Posted in Articles, Communications/Media Studies, Media Archive, Passing, United Kingdom, Videos on 2016-06-12 01:06Z by Steven

The Agonies Of “Passing” – Considering the Murder Mystery ‘Sapphire’

IndieWire
July 2014

Sergio

The Agonies Of “Passing” – Considering the Murder Mystery ‘Sapphire

Starting in the late 1940’s, and continuing through to the end of the ‘50’s, Hollywood seemed to be obsessed with the concept of “passing” –light skinned black people passing for white. Though it wasn’t new, of course, somehow it caught Tinseltown’s attention and a slew of films were made, almost all them dealing with women in particular, who passed for white and the tragedies and sorrow that they encountered.
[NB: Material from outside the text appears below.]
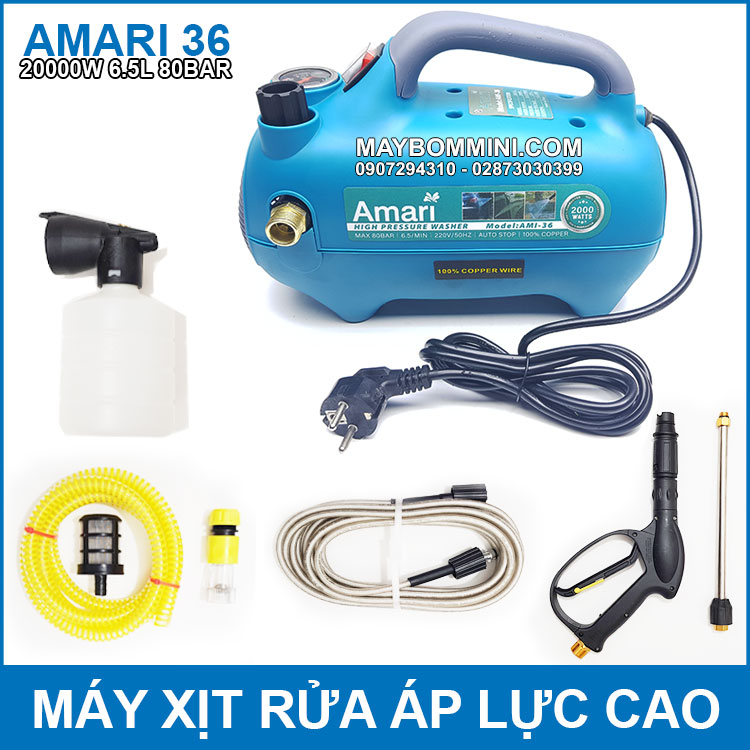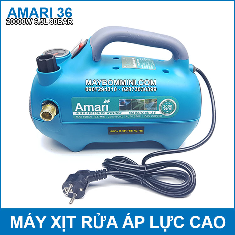 Máy xịt rửa áp lực cao 220V 2000W 80bar 6.5L Amari 36 có chỉnh áp sử dụng vệ sinh máy lạnh điều hòa chuyên nghiệp, máy xịt rửa ôtô xe máy gia đình, vệ sinh bếp nhà hàng, xịt rửa nhà cửa gia đình, vật dụng, máy móc công nghiệp và dùng phun tưới cây được sản xuất với công nghệ mới được khách hàng đánh giá cao về chất lượng, duy chuyển gọn nhẹ linh hoạt tiện lợi.

Elia Kazan’sPinky,” “Lost Boundaries,” “Imitation Of Life,” “Band of Angels,” “The Night of the Quarter Moon,” “I Passed for White,” and the would-be “Gone with the Wind” rip-off, “Raintree County,” with Elizabeth Taylor and Montgomery Clift, which, technically may not be a “passing” movie, though it deals with a pre-Civil war, antebellum Southern belle (Taylor), who goes slowly insane because she believes her real mother was a slave, who was her father’s lover (turns out that she wasn’t, but Taylor dies anyway for all her grief).

But, for my money, the real doozy of the passing-for-white films wasn’t from Hollywood, but came instead from the U.K.

I’m referring to the 1959 British mystery detective film “Sapphire,” directed by Basil Dearden, who specialized, during the late 50′s and 60′s, in films with controversial subject matter, such as his 1961 film “Victim,” which dealt with a successful and closeted gay barrister who is being blackmailed, and fights back against his tormentors. It is credited for being the first movie in which the word “homosexual” was actually used in a film.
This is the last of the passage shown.